Героем повести я сделал Бориса Хрулёва. Даже имени не изменил. У Бориса – это в произведении – трое негодяев изнархатили жену. Убедившись, что никто, ни милиция, ни правосудие, не спешат наказать преступников, герой повести берёт дело в свои руки. Сюжет поворачивает так, что Борис принимается убивать уже не только мерзавцев, личных своих врагов, но и других – уже лишних – людей. На последней странице Борис обречённо сам заглядывает в бездонную дырочку пистолетного дула – в чёрную пустоту…
Ночь я сплю плохо.
Да что там! Вовсе, можно сказать, не сплю. Ворочаюсь на раскладушке, скриплю на весь ночной мир проклятыми пружинами. Только унырну в бессознание – кошмары. Один особенно привязчив, наваливается вновь и вновь: Пашка, Павел Банщиков, дружок детства и отрочества, тянет к лицу моему чёрные распухшие пальцы и сипит провалившимся разверстым ртом, зловеще ёрничая: «Уби-и-ивец! Ты – уби-и-ивец!..» И его раздутое, готовое вот-вот лопнуть синюшное тело трясётся от грозного утробного хохота…
Я вздрагиваю, дёргаюсь как от удара плетью и выскакиваю из сна в реальность. Чёрт! Может, к Валентине перебраться под одеяло – всё, глядишь, не так жутко будет.
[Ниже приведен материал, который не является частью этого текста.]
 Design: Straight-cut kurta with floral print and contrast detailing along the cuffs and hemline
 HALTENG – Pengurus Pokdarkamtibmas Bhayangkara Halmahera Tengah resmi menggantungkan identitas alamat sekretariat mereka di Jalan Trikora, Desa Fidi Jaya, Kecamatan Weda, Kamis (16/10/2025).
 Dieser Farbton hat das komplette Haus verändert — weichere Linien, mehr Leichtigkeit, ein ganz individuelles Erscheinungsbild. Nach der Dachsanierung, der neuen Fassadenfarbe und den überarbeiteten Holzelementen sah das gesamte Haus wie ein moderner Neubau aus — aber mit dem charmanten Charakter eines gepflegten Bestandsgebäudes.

Однако, вязкая обволакивающая апатия стягивает тело и душу. Жёсткий обруч сдавливает-сжимает сердце. Я понимаю глубинами мозга: на меня обрушивается какое-то знание, оно перевернёт всю мою жизнь. Оно меня раздавит, оно сомнёт мою судьбу. Неужели – финита?.. Я ворочаюсь и ворочаюсь, срываясь то и дело в пропасть, заполненную трупными видениями, ужасаясь и плача во сне от тоски.
От злой неизбывной тоски.
Как только у соседа за стеной начинает бубнить радио, я стряхиваю с себя наваждения, отбрасываю одеяло, превозмогая ломоту и боль во всём теле, встаю с левой ноги. Я чувствую: температура подпрыгнула. Только воспалительной лихорадки мне сейчас и не хватает!
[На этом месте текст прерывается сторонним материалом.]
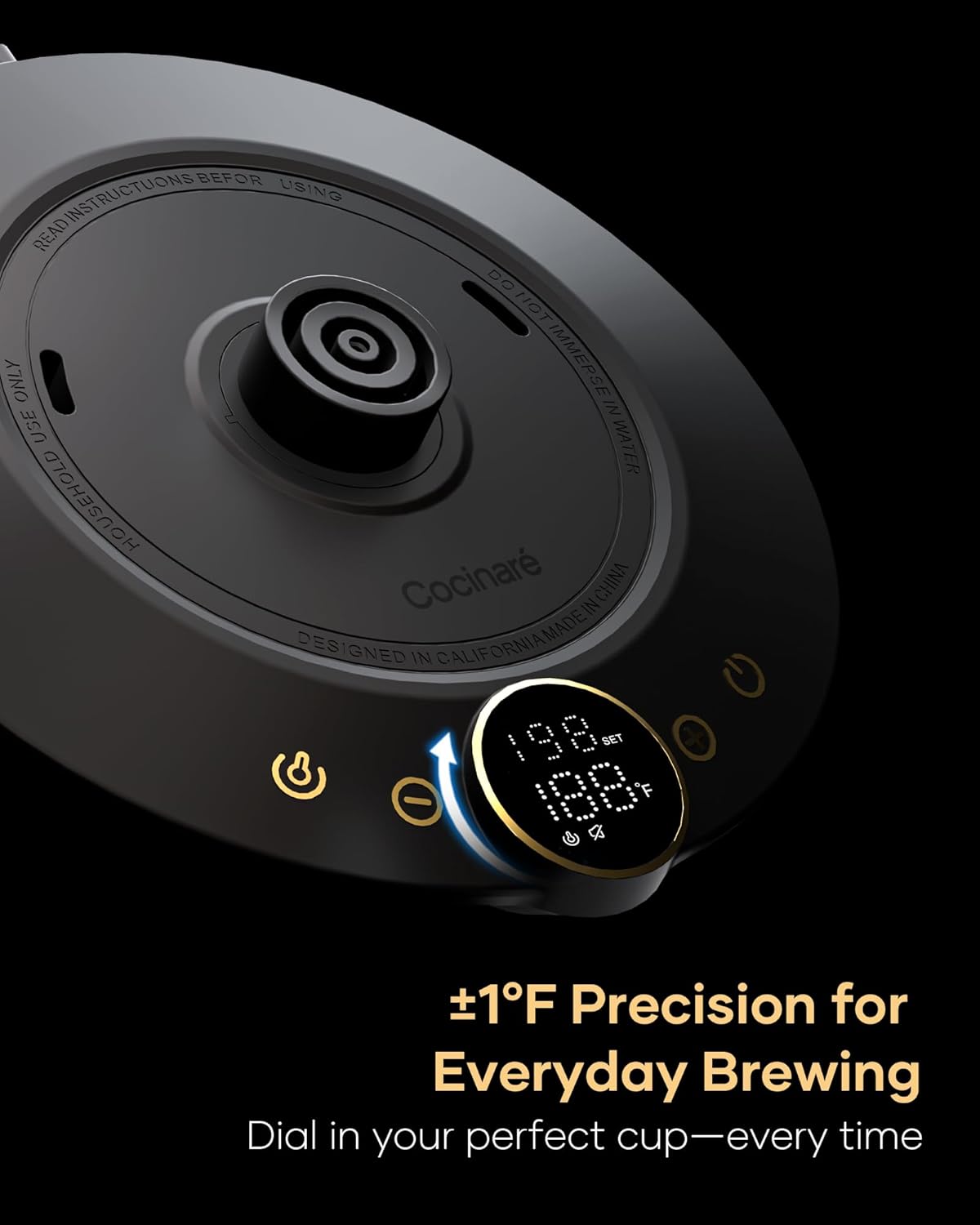 - Precision Heating & Pour Control: The intelligent base maintains your set temperature within ±1℉ for optimal extraction. The S-shaped spout delivers a steady, controlled pour - ensuring consistency in every cup.

Даже не умывшись, я перетряхиваю в ящиках стола свой архив, копаюсь в старых записных книжках. И – конечно, закон подлости! – той, нужной, студенческой поры, книжки нет как нет. Ну нет и всё!
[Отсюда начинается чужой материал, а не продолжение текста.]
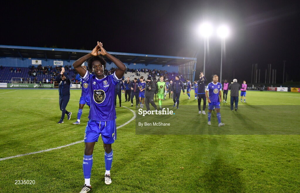 16 September 2022; Junior Quitirna of Waterford celebrates after the Extra.ie FAI Cup Quarter-Final match between Waterford and Dundalk at the RSC in Waterford. Photo by Ben McShane/Sportsfile
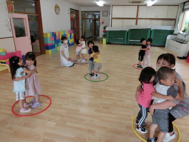 1つ目は、ピアノに合わせて歩き、タンバリンが鳴ったら2人ずつフラフープに入り、あたまかたひざポンを歌って、最後にギューッとくっつくゲーム。
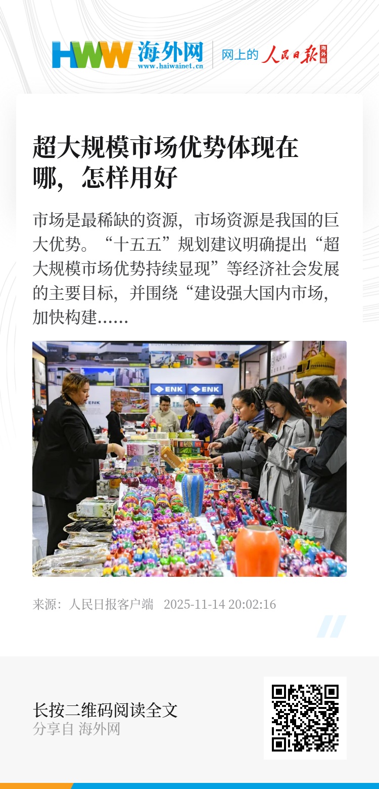 “十五五”规划建议明确提出“超大规模市场优势持续显现”等经济社会发展的主要目标,并围绕“建设强大国内市场,加快构建新发展格局”作出战略部署。
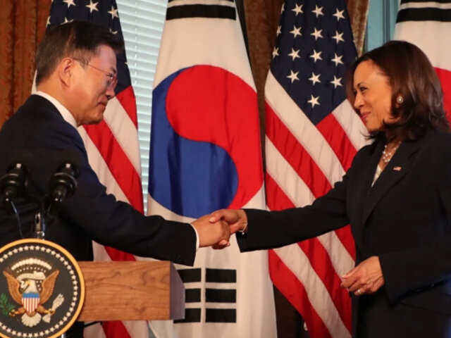 Como se observan en imágenes, Harris se da un apretón de manos con Moon e inmediatamente se la secó en su chaqueta. Usuarios en redes criticaron su actitud y la tildaron de irrespetuosa.

Ах да, надо в вырезках адрес искать. К счастью, моё тщеславие, моя ранняя тяга к славе заставляют меня скрупулёзно собирать и подшивать все мои газетные рассказы, статьи, очерки, фельетоны и даже крохотные заметульки. Я отыскиваю папку, где среди других моих журналистских плодов творчества хранятся и вырезки из «Славы Севастополя». Просматриваю. Так и есть: обширный мой репортаж из «Ласпи» поместили тогда подвалом на третьей полосе. На оборотной стороне вырезки – все телефоны редакции.
Надо ещё ждать и ждать, и ждать – только половина седьмого. Может, настрочить пока письмо в Сибирь?.. Да что толку: мама умерла в прошлом году (я вздрагиваю, пробегаю мысленно вереницу своих героинь – нет, слава Богу, мать избежала роли прототипа!), а сестра, Надя, на мои послания не отвечает – органически не любит писать письма. Надо заказывать переговоры.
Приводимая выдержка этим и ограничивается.